• **Data for analysis**:
● ● ● ● ●

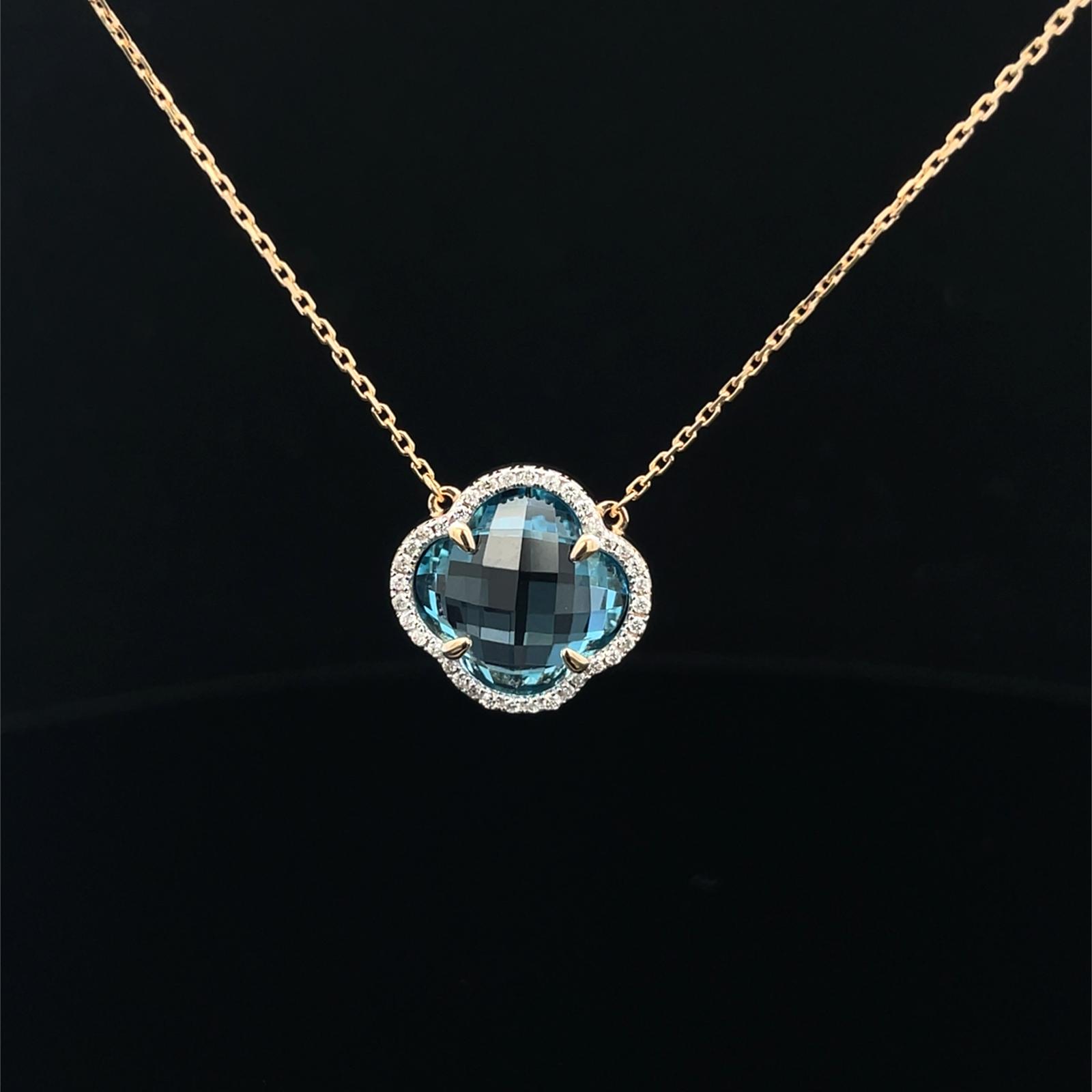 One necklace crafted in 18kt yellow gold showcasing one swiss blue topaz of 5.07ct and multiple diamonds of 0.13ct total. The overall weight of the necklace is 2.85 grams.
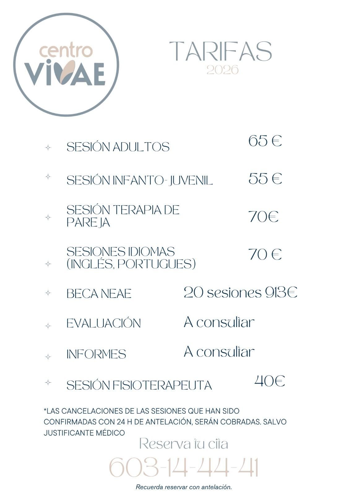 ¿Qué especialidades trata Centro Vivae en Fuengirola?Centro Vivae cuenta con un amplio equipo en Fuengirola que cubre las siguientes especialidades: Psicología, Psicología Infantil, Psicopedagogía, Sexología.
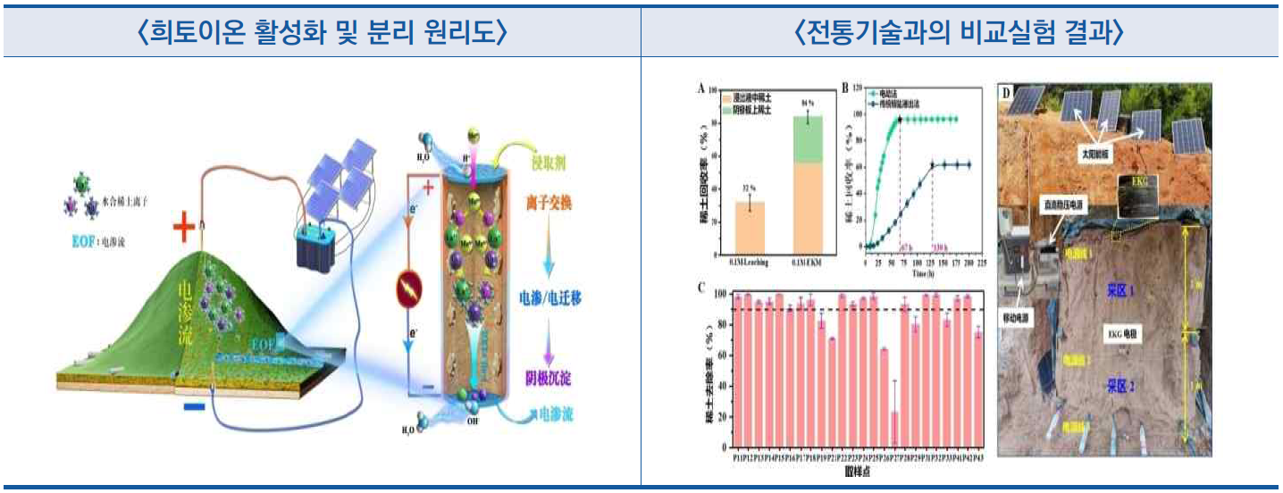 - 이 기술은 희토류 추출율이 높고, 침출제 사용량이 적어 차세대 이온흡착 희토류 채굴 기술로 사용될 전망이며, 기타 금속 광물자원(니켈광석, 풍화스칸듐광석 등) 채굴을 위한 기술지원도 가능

● ● ● ● ●

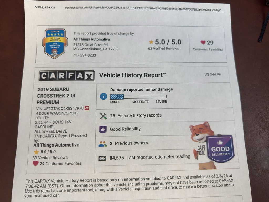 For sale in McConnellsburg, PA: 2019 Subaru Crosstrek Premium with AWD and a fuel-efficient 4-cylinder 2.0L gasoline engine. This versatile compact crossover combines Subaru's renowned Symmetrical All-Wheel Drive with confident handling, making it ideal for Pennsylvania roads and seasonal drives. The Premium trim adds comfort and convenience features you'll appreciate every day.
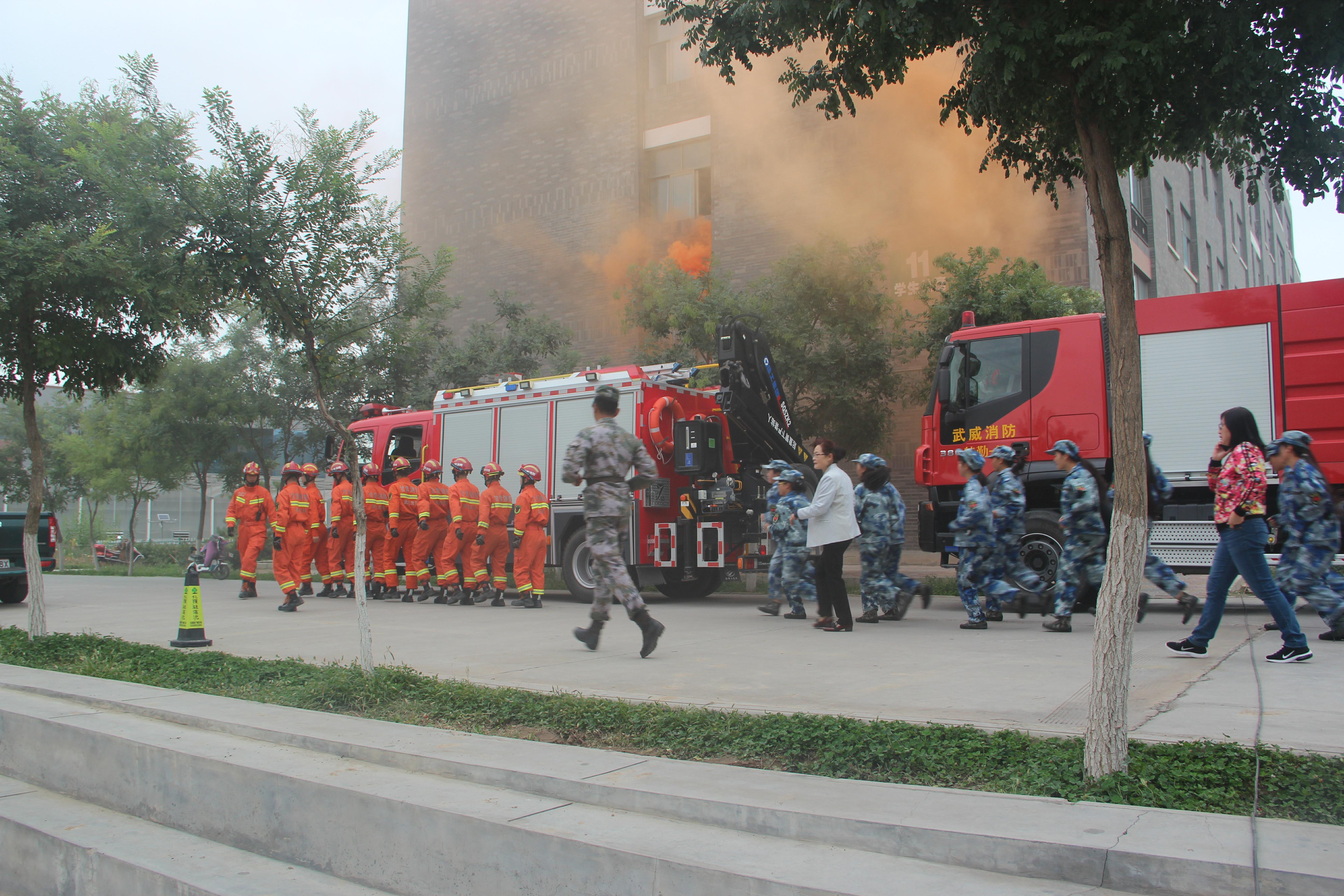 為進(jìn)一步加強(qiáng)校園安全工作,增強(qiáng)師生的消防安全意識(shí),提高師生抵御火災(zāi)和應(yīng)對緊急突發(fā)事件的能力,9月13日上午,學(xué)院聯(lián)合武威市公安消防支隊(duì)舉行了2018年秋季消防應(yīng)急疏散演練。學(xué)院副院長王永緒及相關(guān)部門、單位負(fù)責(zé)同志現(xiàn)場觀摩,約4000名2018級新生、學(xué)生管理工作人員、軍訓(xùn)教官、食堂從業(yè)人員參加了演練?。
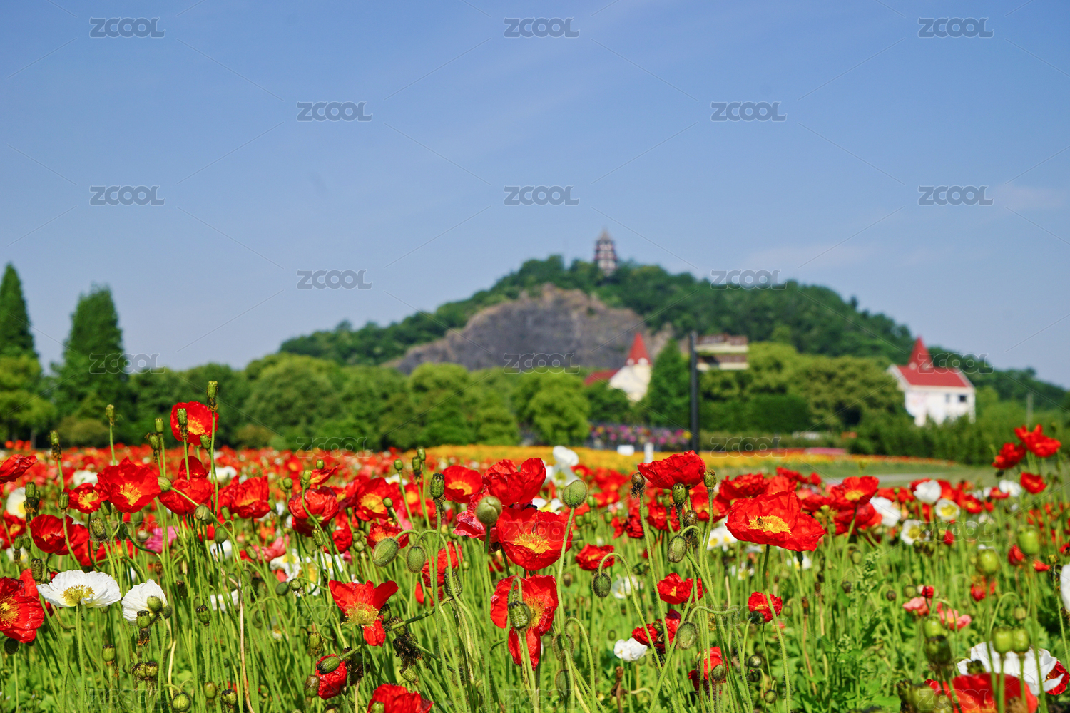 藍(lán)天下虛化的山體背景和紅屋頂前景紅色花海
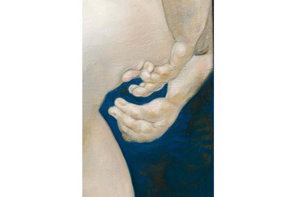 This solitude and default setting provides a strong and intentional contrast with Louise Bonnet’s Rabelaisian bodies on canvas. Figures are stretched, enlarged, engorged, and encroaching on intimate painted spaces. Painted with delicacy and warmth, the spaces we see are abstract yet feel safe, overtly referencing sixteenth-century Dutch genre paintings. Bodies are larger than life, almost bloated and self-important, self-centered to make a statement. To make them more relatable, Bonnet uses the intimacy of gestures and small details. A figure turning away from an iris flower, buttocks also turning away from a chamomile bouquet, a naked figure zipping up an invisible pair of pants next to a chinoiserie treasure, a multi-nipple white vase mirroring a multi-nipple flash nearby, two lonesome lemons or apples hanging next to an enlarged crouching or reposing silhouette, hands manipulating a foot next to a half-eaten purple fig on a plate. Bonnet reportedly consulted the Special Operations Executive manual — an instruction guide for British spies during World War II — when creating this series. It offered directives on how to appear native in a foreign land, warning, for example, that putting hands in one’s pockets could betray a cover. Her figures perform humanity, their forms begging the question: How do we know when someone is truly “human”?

● ● ● ● ●

• **To do**: The result should be an exact copy of only the lines above from the one that holds "為進(jìn)一步加強(qi" through the one that holds "藍(lán)天下虛化的山體背景和紅屋頂前景紅色花海", both ends included, without pictures.

• **Output**:
 為進(jìn)一步加強(qiáng)校園安全工作,增強(qiáng)師生的消防安全意識(shí),提高師生抵御火災(zāi)和應(yīng)對緊急突發(fā)事件的能力,9月13日上午,學(xué)院聯(lián)合武威市公安消防支隊(duì)舉行了2018年秋季消防應(yīng)急疏散演練。學(xué)院副院長王永緒及相關(guān)部門、單位負(fù)責(zé)同志現(xiàn)場觀摩,約4000名2018級新生、學(xué)生管理工作人員、軍訓(xùn)教官、食堂從業(yè)人員參加了演練?。
 藍(lán)天下虛化的山體背景和紅屋頂前景紅色花海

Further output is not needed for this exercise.